Abstract
Anaphylaxis, according to present conception, is essentially a cellular phenomenon. Of the tissues that are known to participate in anaphylactic shock, that of smooth muscle has received most attention. It has been shown both in the living sensitized animal 1 and also in vitro by the Dale experiment 2 that when certain organs containing smooth muscle are exposed to the antigenic substance to which the animal is sensitized, this smooth muscle responds by contraction. Such smooth muscle contraction is responsible for many anaphylactic symptoms. In guinea pigs, with which these experiments are concerned, anaphylactic death is due primarily to the contraction of the highly developed smooth musculature of the bronchioles with subsequent asphyxia. As this may be entirely a peripheral reaction, as Auer 3 has shown, the injected antigen presumably is transported by the blood to the lungs where it finds receptive smooth muscle. Essentially nothing is known, however, about the stimulus which makes smooth muscle contract under these conditions. By utilizing this lung reaction, experiments were attempted to study this problem and the first of these is reported here.

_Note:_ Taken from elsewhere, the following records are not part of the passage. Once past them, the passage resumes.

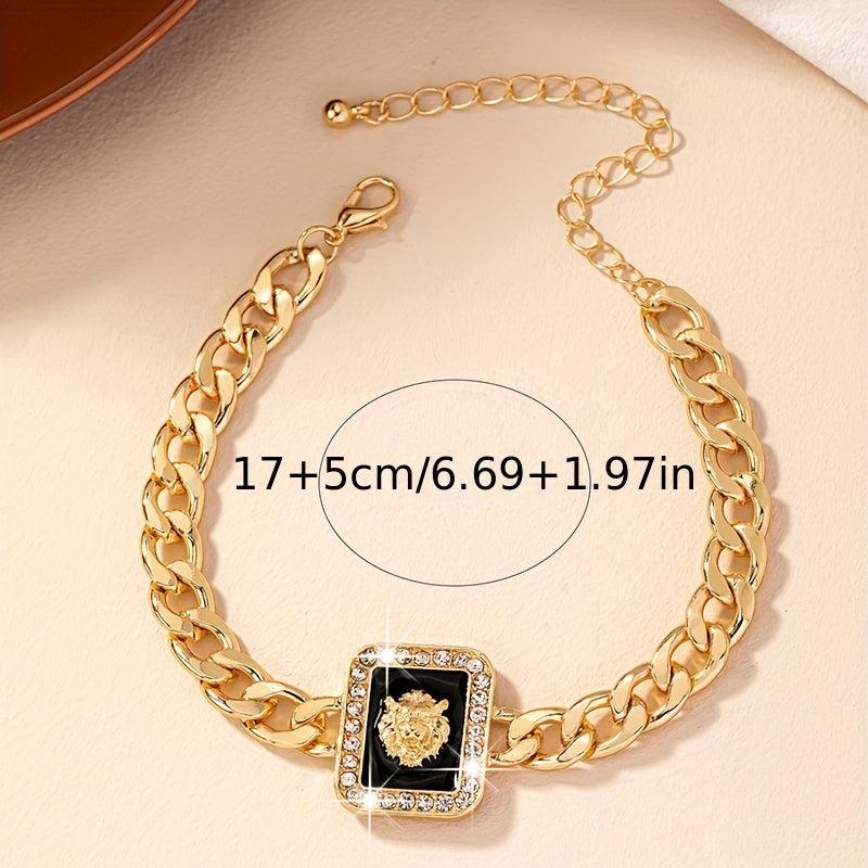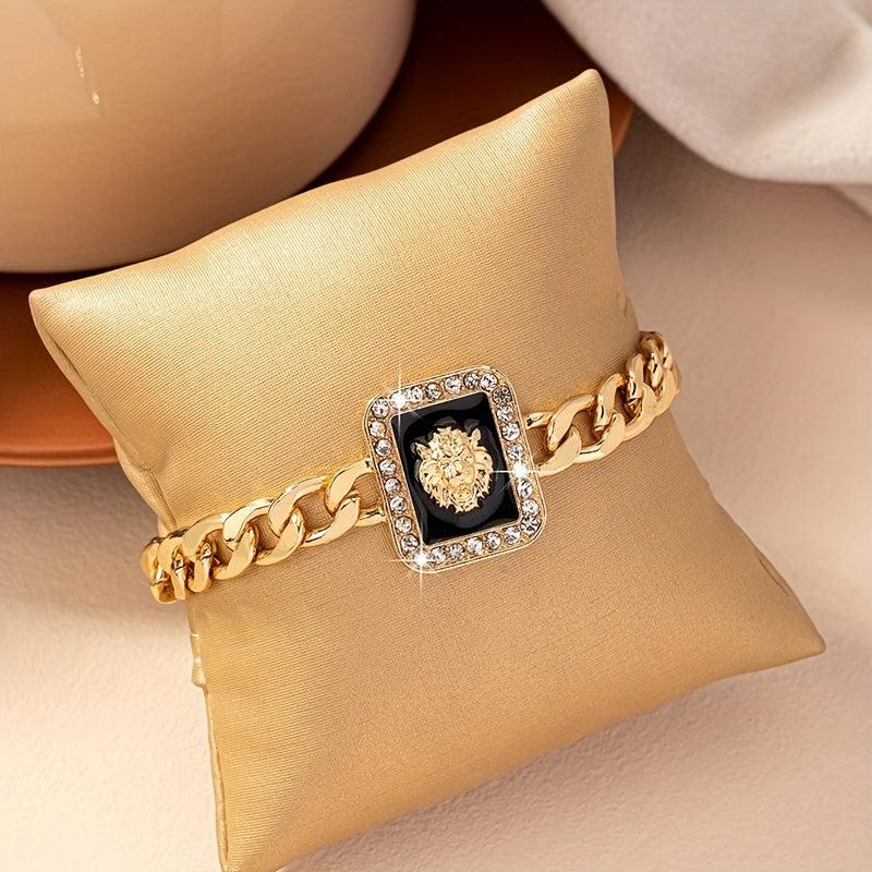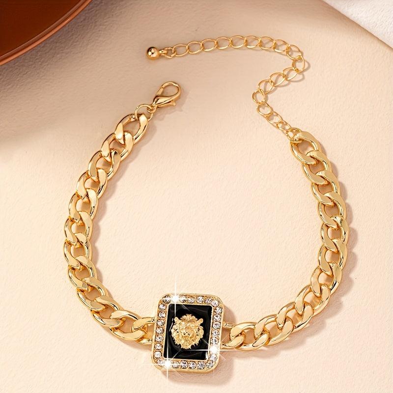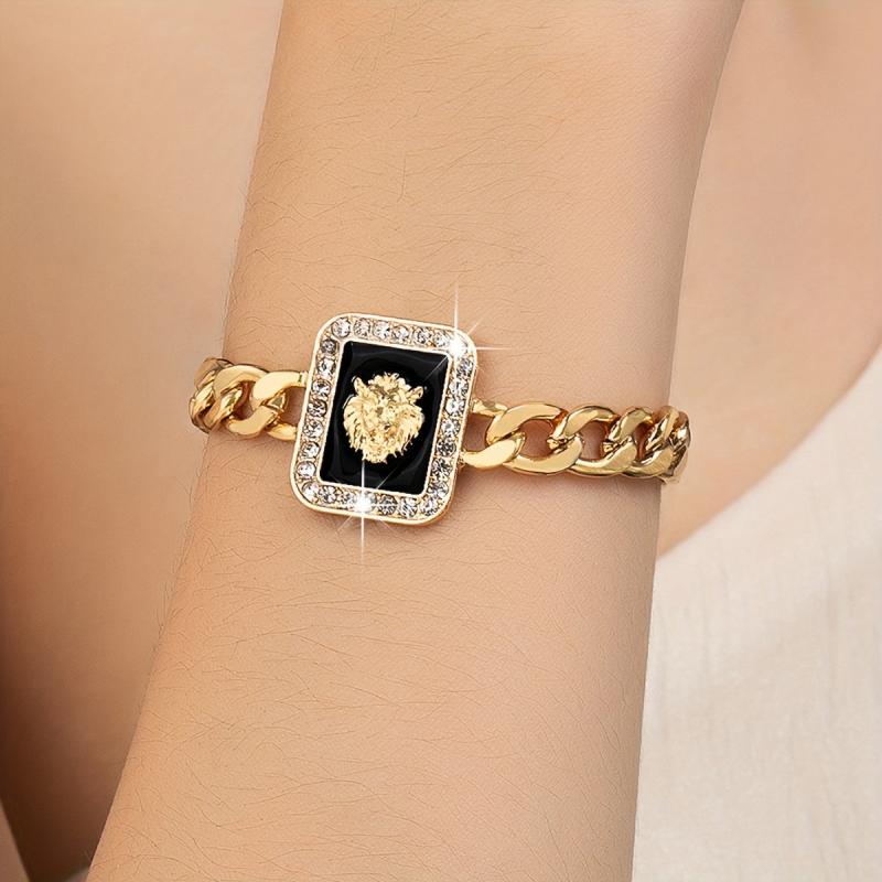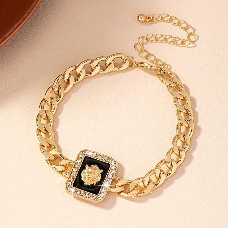 Elevate your style with this stunning bracelet featuring a golden lion's head. The irregular geometric design adds a unique touch to any outfit.
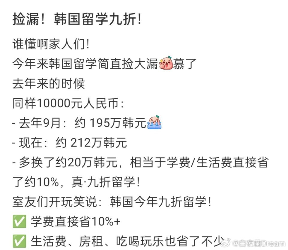 在韩国直观感受到了人民币升值,九折留学。
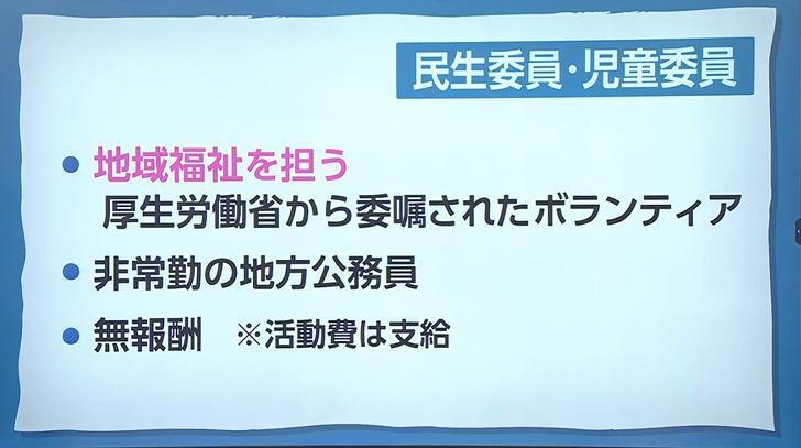 民生委員・児童委員は法律に基づき地域住民が安心して生活できるよう地域福祉を担う、厚生労働省から委嘱されたボランティアだ。非常勤の地方公務員で、無報酬だが活動費が支給され、3年の任期で活動する。

Female virgin guinea pigs of about 250 grams were injected intraperitoneally with 0.1 cc. of egg-white solution with an average nitrogen content of 2.6 mg. per cc.; other lots received 0.5 cc. of horse epithelium extract with a nitrogen content of 0.6 mg. per cc. Both of these were shown to be anaphylactogenic. About twenty-one days later, when optimum sensitivity developed, the animals were killed by fracturing the skull. In each, the uterus was perfused with warm Tyrode solution until free from visible blood. The two anterior uterine horns were then suspended, each in a separate Dale apparatus in which a bath of 250 cc. of Tyrode solution was used.